Supreme court rules that two girls are living normally in a gay household
Overruling a long-standing state law that found gay parents presumptively unfit to have custody of their children, the North Dakota Supreme Court unanimously ruled on November 13 that the law is unconstitutional and overturned a trial court decision that would have transferred custody of two young girls from their lesbian mother to their straight father. The ACLU Lesbian and Gay Rights Project’s staff attorney, Tamara Lange, argued on behalf of the lesbian, Valerie Damron, who had filed the appeal.
The court’s opinion, written by Justice William Neumann, is sketchy on the facts of the case, but a November 14 article in the Grand Forks Herald fills in the details. Shawn Damron and Valerie divorced in September 2001, and agreed that they would have joint custody of their two daughters, who were then ages 8 and 2, but that the girls would live with Valerie. Shawn was to have liberal visitation rights.
According to the article, Shawn knew that his wife was a lesbian at the time of the divorce. After the divorce, Valerie began a relationship with Ann Elliot, and they now live together in a house with the two girls. In September 2002, Shawn filed a lawsuit seeking a change of custody, arguing that Valerie was setting the wrong “moral character” for his children in her living arrangements.
Shawn presented no evidence to trial judge Gary Holum that there had been any harm to the girls. Rather, he based his lawsuit entirely on a 1981 North Dakota Supreme Court case, Jacobson v. Jacobson, in which the court had ruled that gay people are presumptively unfit to have custody of their children.

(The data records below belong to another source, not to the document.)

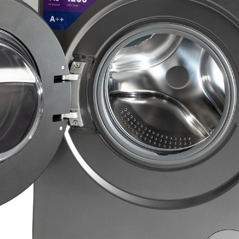 (ШхГхВ)59,5х42х84,5 см Макс. загрузка 7 кг Макс. скорость отжима 1200 об/мин Объем барабана 45 л Класс A++ Мощность 2100 Вт Кол-во режимов 10 Режимы Автоматическая балансировка белья, Блокировка от детей, Догрузка белья, Отсрочка старта, Очистка барабана Управление Сенсорное Вес нетто 52 кг Вес брутто 56 кг Уровень шума 60/76 дБ (стирка/отжим) Особенности LED-дисплей, Увеличенный объем камеры Класс защиты IPx4 Класс электробезопасности I Класс эффективности отжима B Потребление воды за цикл 44 л Энергопотребление за цикл 0,783 кВт/ч Необходимое давление в водопроводе 0,02 – 0,8 МПа Функция "Сушка" Нет Функция "Пар" Есть Гарантия 3 года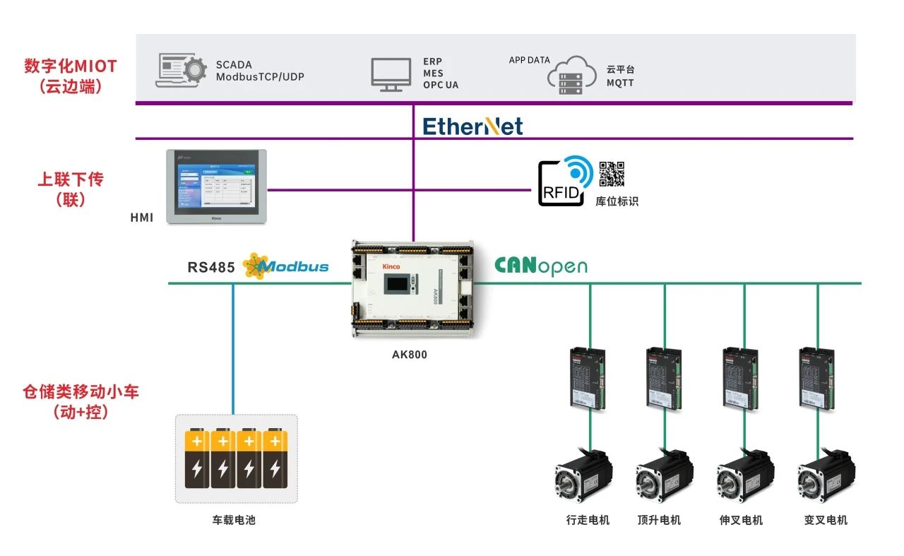 控制器采用CANopen或者EtherCAT總線控制伺服,車輛以及系統狀態信息采集到HMI顯示,步科物聯型HMI支持OPC UA、MQTT、數據庫等多種通訊方式,可通過以太網連接至服務器,為數字化提供基礎數據。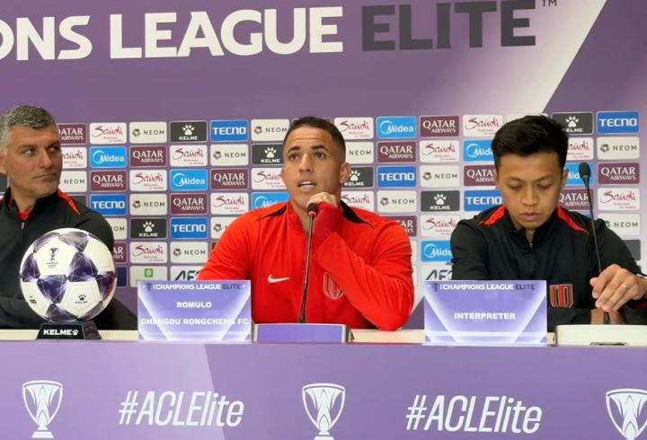 2月9日,成都蓉城与武里南联的赛前新闻发布会,球员罗慕洛随主帅阿洛伊西出席。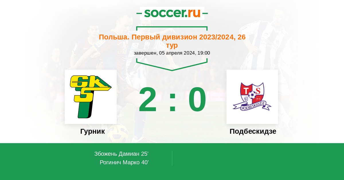 90' ЗаменаЛоготип ПодбескидзеЖиолковски Матеуш уходит с поля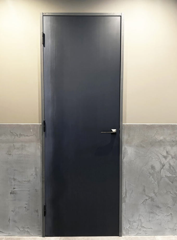 ▼黒皮鉄シートを木製建具(750×2,100mm)に貼り込んだ状態です。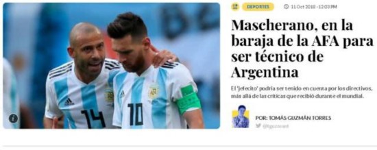 阿根廷媒体称,阿根廷足协已经开始考虑在明年启用马斯切拉诺的可能性。目前,马斯切拉诺还没有做出关于明年的最终决定,这就增添了他返回祖国执教的可能性。据了解,马斯切拉诺成为阿根廷主帅的最大优势,在于他和梅西的关系。虽然在代表阿根廷国家队参加世界杯期间表现低迷,但是如果他执教阿根廷,将带给梅西更多的“信心”,这也是阿根廷足协考虑的最重要因素。

At the trial level, Holum was bound by the Jacobson legal precedent and he ruled that Shawn should have physical custody of the children. “It is not the function of the court to use these children as the tool of enlightenment to convince society of the error of its beliefs,” wrote Holum in an unpublished opinion that is quoted at length by Justice Neumann in his opinion for the state supreme court. “Rather, the function of the court in matters of child custody is to look solely to the best interest of the particular children in the case before the Court. . . The modification of the judgment by transferring primary physical care, custody and control from Valerie to [Shawn] is necessary to serve the best interests of the children in that the children’s present environment may endanger the children’s emotional health or impair the children’s emotional development.”
In stating this conclusion, Holum indicated awareness of a recent North Dakota statute that sharply limits the ability of courts to modify custody arrangements within a two-year period after the court has made an initial custody change. But Holum’s factual conclusion that the children’s present living arrangements endangered their emotional health was based only on the presumption created by the Jacobson precedent.
“To the extent Jacobson can be read as creating such a presumption, it is overruled,” wrote Neumann. “Other courts generally have recognized that, in the absence of evidence of actual or potential harm to the children, a parent’s homosexual relationship, by itself, is not determinative of custody,” he continued, then citing appellate decisions from ten other states, most of them from the Midwest, in which the courts had rejected any presumption that gay parents are unfit to have physical custody of their kids.
Pointing out that the recently-enacted custody law places a substantial evidentiary burden on the parent who is seeking to modify a relatively recent custody award, Neumann stated, “We hold a custodial parent’s homosexual household is not grounds for modifying custody within two years of a prior custody order in the absence of evidence that the environment endangers or potentially endangers the children’s physical or emotional health or impairs their emotional development.”
In this case, Shawn had conceded that Valerie was a fit parent, and the evidence she presented showed that the children were doing just fine in the home she maintains with her partner, Ann.
Having resolved the matter in Valerie’s favor by overruling the old precedent, the court refrained from taking a position on whether the Jacobson presumption violated Valerie’s constitutional rights.